Early educator Kayla Pinto. (This photograph was produced by The Hechinger Report, a nonprofit, independent news organization focused on inequality and innovation in education.)
It can be challenging for early educators to go to college. They often have to squeeze in classes, keep up with homework, keep working, and pay tuition.
But as writer and developmental psychologist Suzanne Bouffard explains in a Hechinger Report article, innovative public policies and programs can help — and Massachusetts is one example of how.
Bouffard’s article — “To boost preschool quality, Massachusetts invests in college degrees for teachers” — starts by telling the story of Kayla Pinto, who “knew she had found her calling from the first day she taught preschool at the YMCA in Somerville, Massachusetts.”
Pinto had “grown up attending programs at the Y in this small city just north of Boston, and she started working there when she was 14. But it wasn’t until her early 20s, when she was asked to fill in for an absent preschool teacher, that she realized how much she connected with young children.”

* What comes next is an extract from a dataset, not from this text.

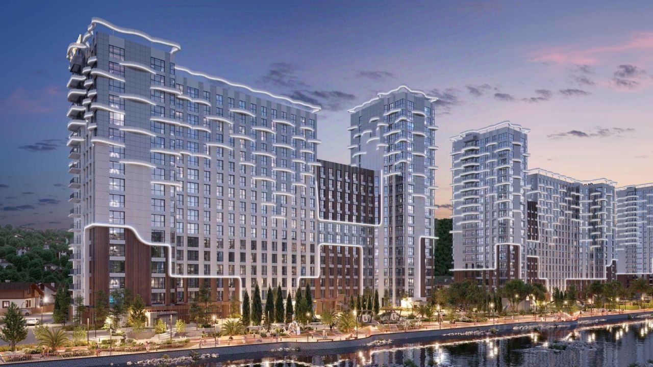 На закрытой территории комплекса выполнен ландшафтный дизайн, установлены безопасные детские площадки для детей всех возрастов, места для отдыха, зоны барбекю с беседками, спортивные площадки, установлен открытый бассейн. На территории также оборудована своя набережная протяженностью в 1,2км. Для владельцев автомобилей предусмотрен отдельный многоуровневый паркинг.

“Pinto, 33, now a veteran teacher with 11 years’ experience, still has a passion for becoming a better teacher every day. One thing she doesn’t have is a bachelor’s degree. That limits the salary she can earn at a community center like the Y and prohibits her from working in the higher-paying public pre-kindergarten sector, where the qualifications required of a preschool teacher are similar to those needed to teach elementary school.”
Pinto had tried college, but she left amidst financial struggles and other challenges. Other early educators tell similar stories. And because their salaries are low, early educators hesitate to take out student loans, knowing how hard it would be to pay them off.
Fortunately, Massachusetts has created solutions.
In 2005, the state Legislature “approved the Early Childhood Educators Scholarship Program. It covers all or almost all of the cost of tuition for any Massachusetts early educator who is working in the field and obtaining a degree.” This scholarship program is helping Pinto earn her bachelor’s degree.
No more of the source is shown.